## WORK TASK
Your output is to hold only the lines from the one showing "The full-waveform inversion" through the end of the listing, exactly, with every picture excluded.

:: DATA EXCERPT

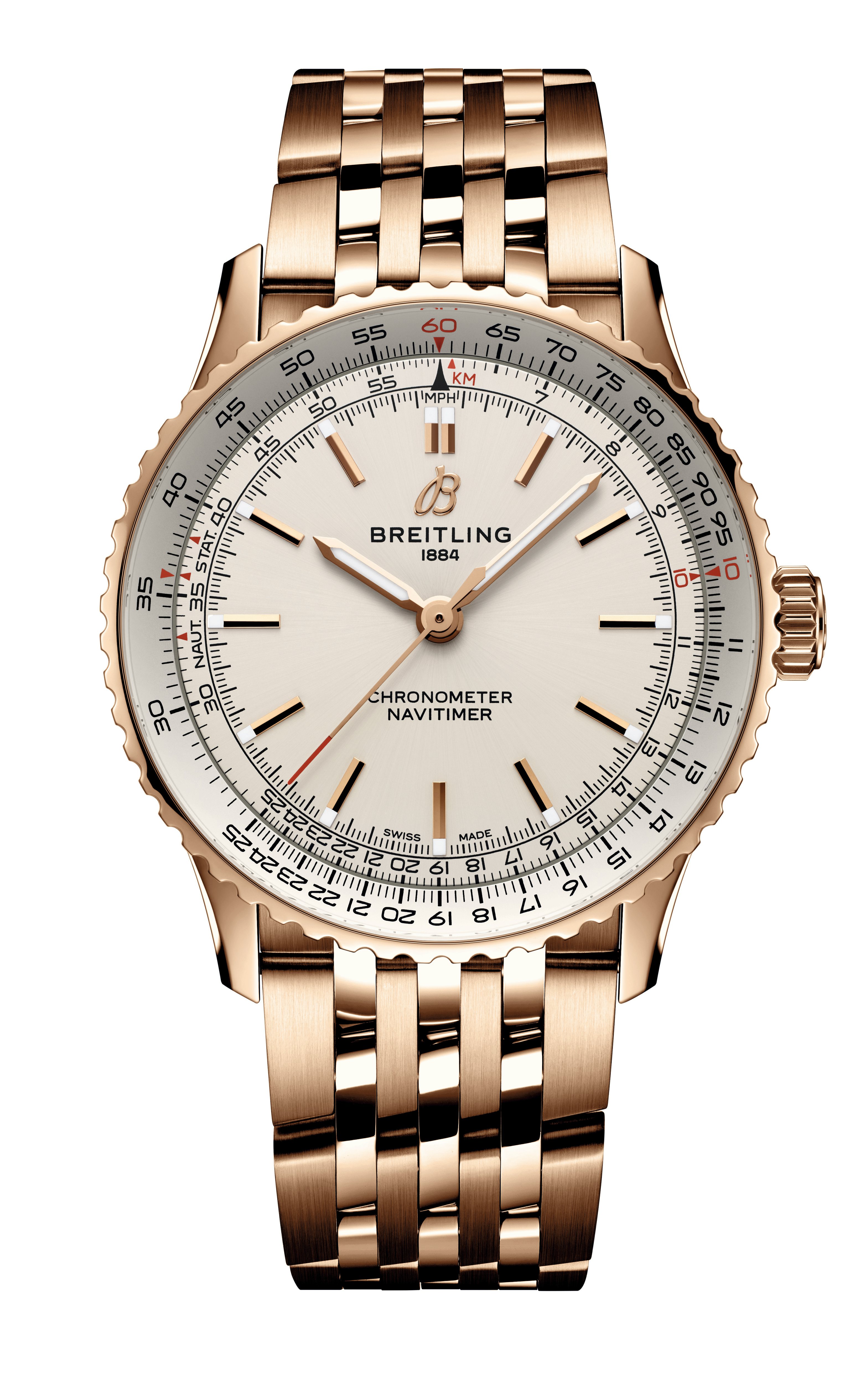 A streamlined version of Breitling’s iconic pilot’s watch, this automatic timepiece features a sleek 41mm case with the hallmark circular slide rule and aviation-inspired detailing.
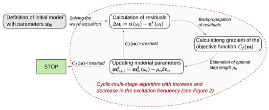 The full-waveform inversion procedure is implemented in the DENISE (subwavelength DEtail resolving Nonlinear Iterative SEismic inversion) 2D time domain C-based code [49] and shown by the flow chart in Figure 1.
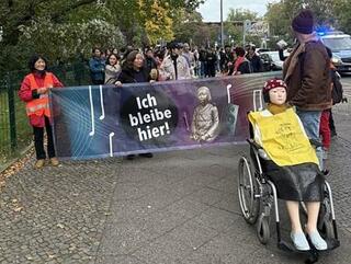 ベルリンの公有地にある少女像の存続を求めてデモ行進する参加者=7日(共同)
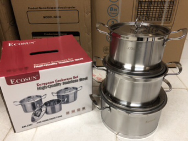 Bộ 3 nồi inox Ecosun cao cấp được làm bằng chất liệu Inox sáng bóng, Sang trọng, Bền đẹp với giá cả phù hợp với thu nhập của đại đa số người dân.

::::

## OUTPUT
 The full-waveform inversion procedure is implemented in the DENISE (subwavelength DEtail resolving Nonlinear Iterative SEismic inversion) 2D time domain C-based code [49] and shown by the flow chart in Figure 1.
 ベルリンの公有地にある少女像の存続を求めてデモ行進する参加者=7日(共同)
 Bộ 3 nồi inox Ecosun cao cấp được làm bằng chất liệu Inox sáng bóng, Sang trọng, Bền đẹp với giá cả phù hợp với thu nhập của đại đa số người dân.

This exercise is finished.